▸ **Task to complete**
When you reach the line with "Na área externa, o" in the records below, begin transcribing exactly and continue up to and including the line with "Jaký názor mají", leaving out every picture.

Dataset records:
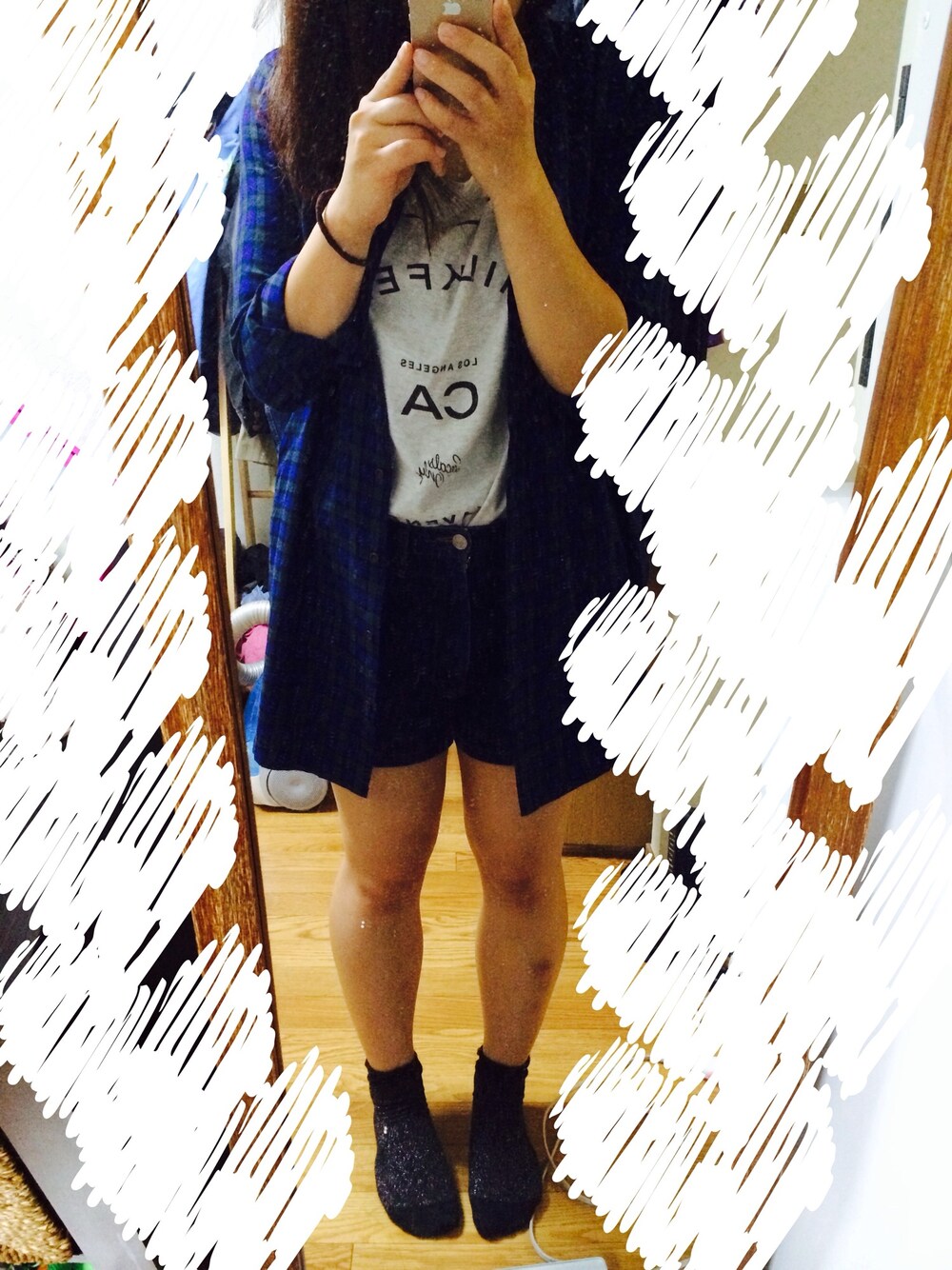 チェックシャツ#g.u Tシャツ#MILKFED ショーパン#古着 秋だー!
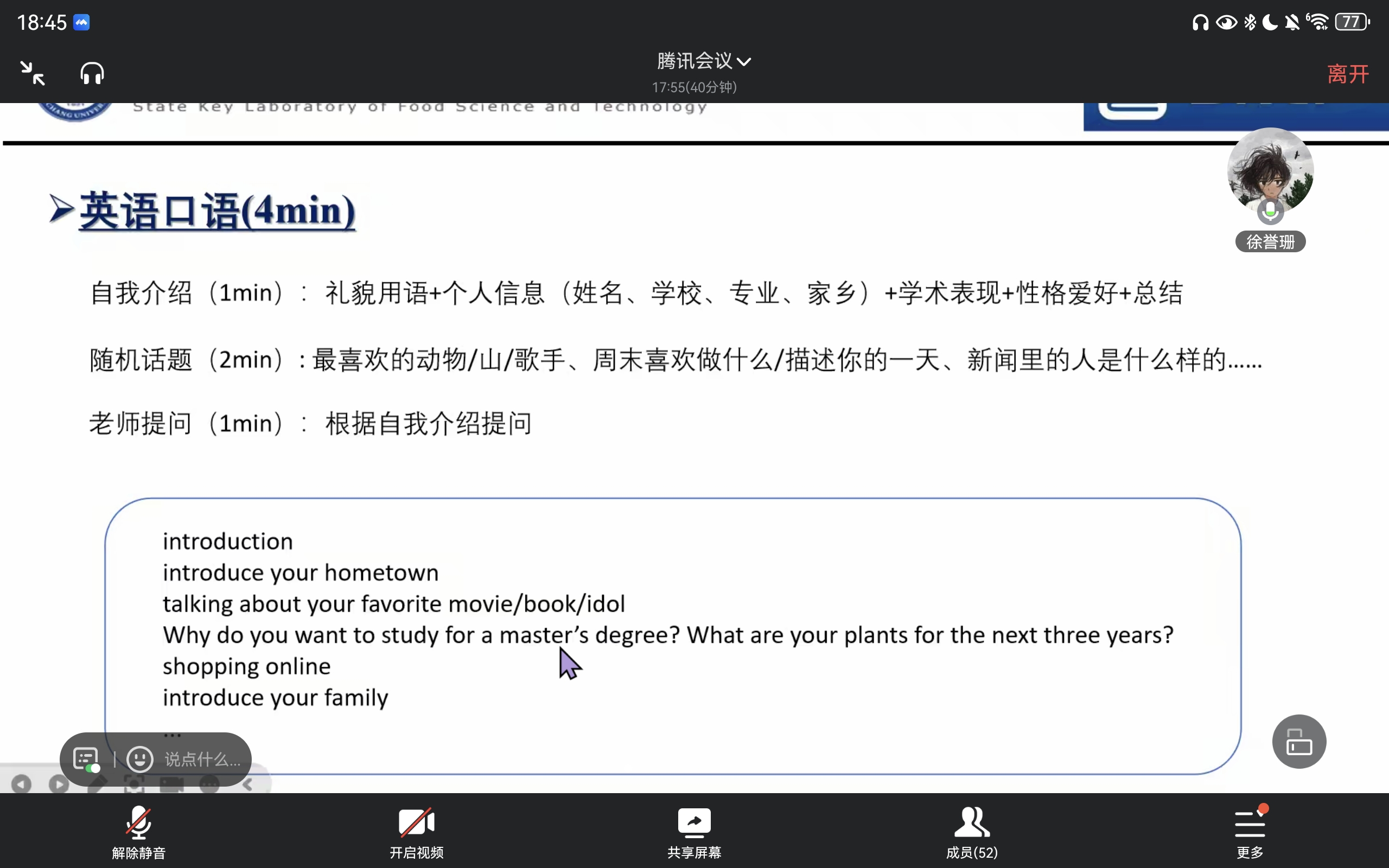 会议伊始,徐誉珊学姐结合自身的考研经历,向同学们详细地介绍了复试流程、复试内容和复试准备三方面内容,并指出复试时需要注意的问题。她还为大家展示了自己当时复试时准备的PPT,为大家提供了一个明确的方向。
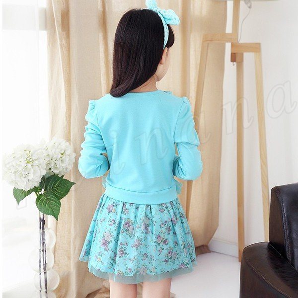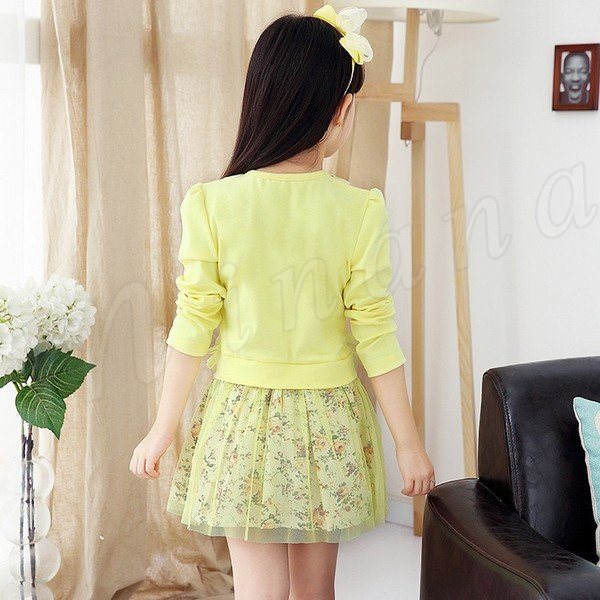 ワンピース レースコットン切替 ドッキング 長袖ワンピ レース付きネック 花飾り 子供ワンピ 女の子 受ぬあ
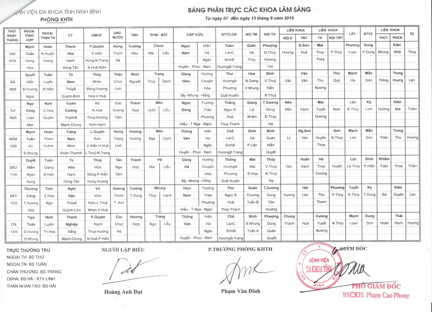 Từ ngày 7 đến ngày 13 tháng 9 năm 2015 (các khoa Lâm sàng)
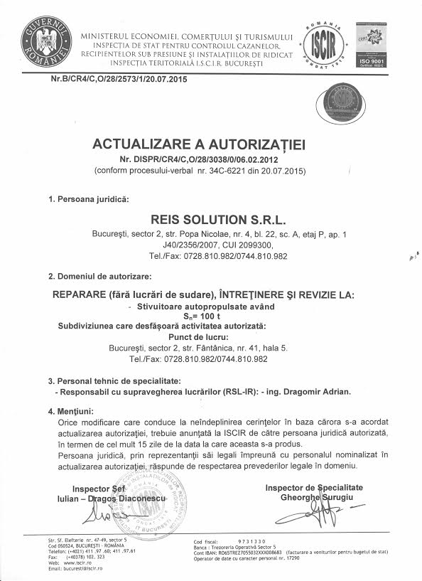 Detinem autorizatie de reparatie ISCIR pentru echipamente de ridicat
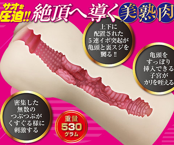 とろけるようなまったり感がサオ全体に絡みつき、上下に施された大きな5連イボ突起で絶頂へと導く♪肉欲に溺れた美熟女と濃密濃厚な時間をこの生膣オナホでぜひ。
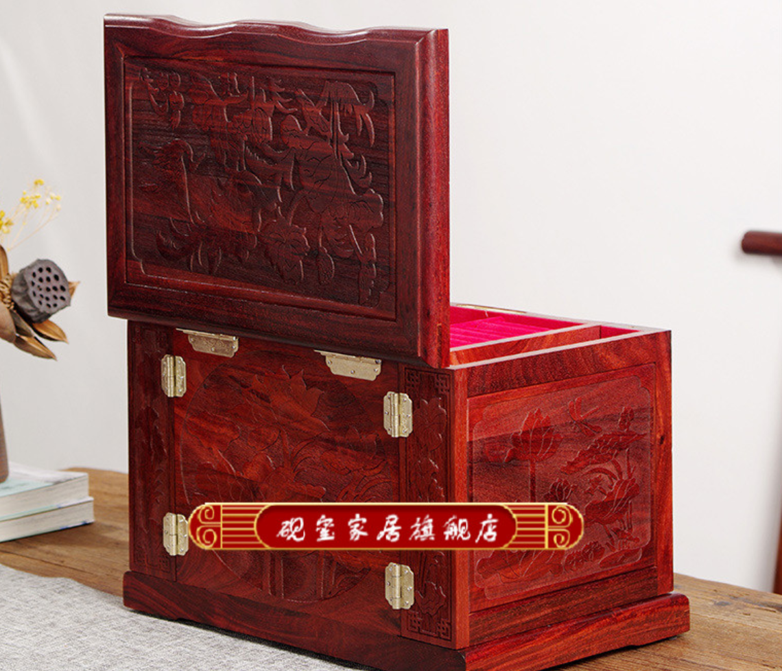 砚玺 雕花侧开饰品全锁多层多功能项链耳环戒指珠宝木质首饰盒 雕花荷塘月色首饰盒
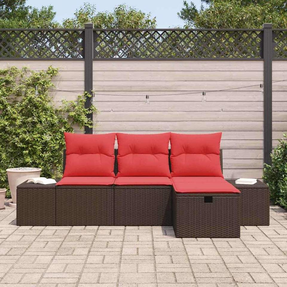 Conjunto de Sofá de Jardín de 4 Piezas de Ratán Sintético con Cojín de Almacenamiento
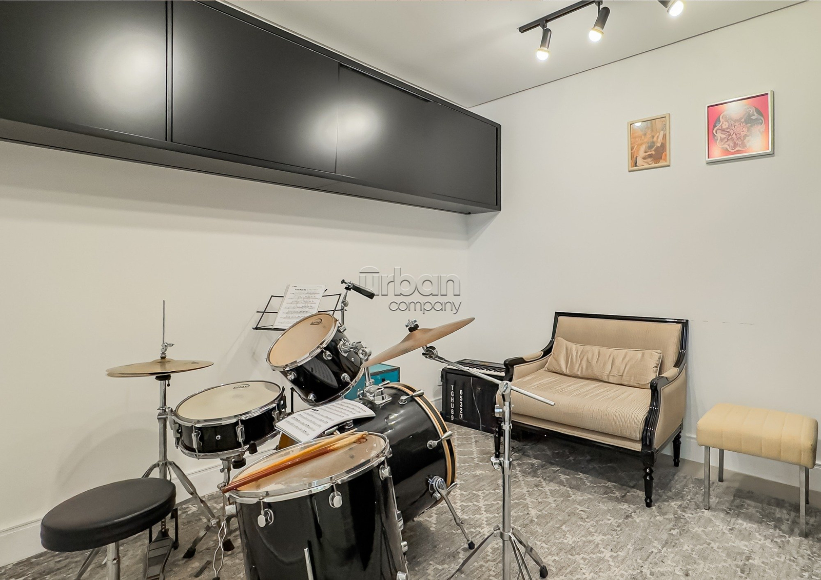 Na área externa, o pátio privativo conta com jacuzzi, espera para piscina e amplos espaços de convivência. O paisagismo, com irrigação automatizada, valoriza a integração com o entorno.
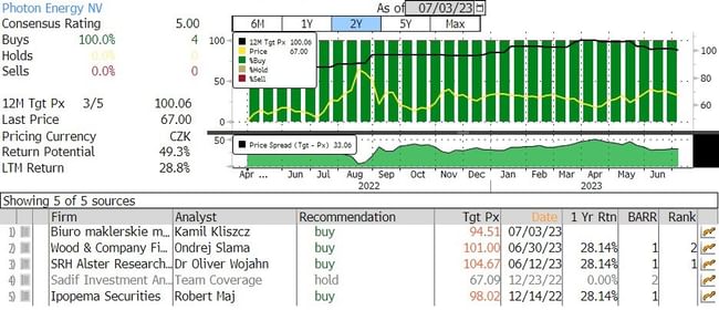 Jaký názor mají na akcie ČEZ, CTP, Photon Energy a společnosti Pilulka Lékárny domácí a zahraniční analytici? Jaké jsou jejich dvanáctiměsíční cílové ceny a jak znějí jejich aktuální investiční doporučení? Nabízíme jejich přehled, jak jej k 3. 7. 2023 shromáždila agentura Bloomberg.
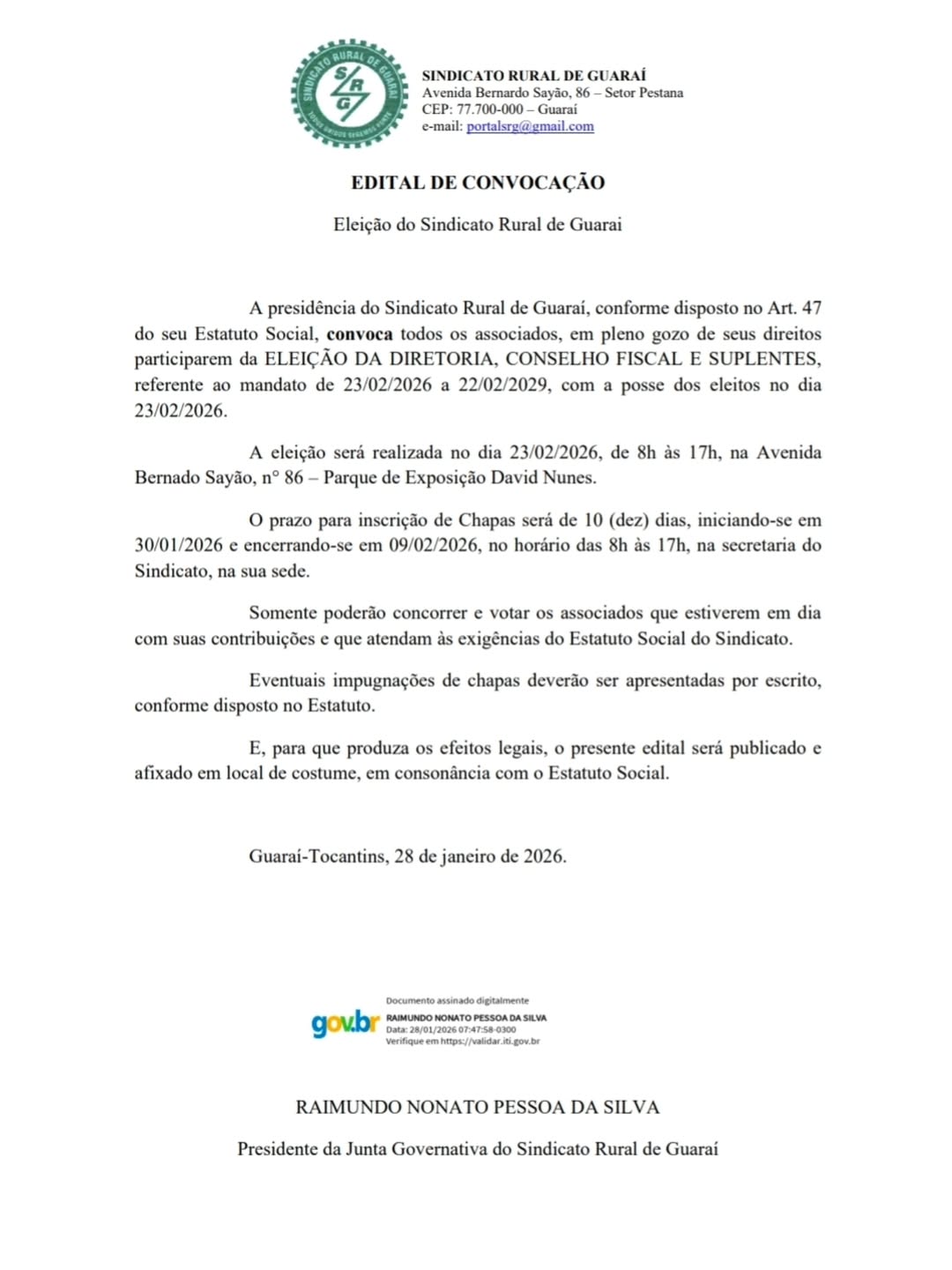 O Sindicato Rural de Guaraí (SRG) publicou edital convocando associados para a eleição da Diretoria, Conselho Fiscal e Suplentes da entidade no mandato 2026/2029. O pleito está marcado para o dia 23 de fevereiro, das 8h às 17h. Atualmente a entidade é comandada por uma Junta Governativa, encabeçada por Raimundo Pessoa, que já antecipou não ter intenção de continuar na função.

▸ **Response below**
 Na área externa, o pátio privativo conta com jacuzzi, espera para piscina e amplos espaços de convivência. O paisagismo, com irrigação automatizada, valoriza a integração com o entorno.
 Jaký názor mají na akcie ČEZ, CTP, Photon Energy a společnosti Pilulka Lékárny domácí a zahraniční analytici? Jaké jsou jejich dvanáctiměsíční cílové ceny a jak znějí jejich aktuální investiční doporučení? Nabízíme jejich přehled, jak jej k 3. 7. 2023 shromáždila agentura Bloomberg.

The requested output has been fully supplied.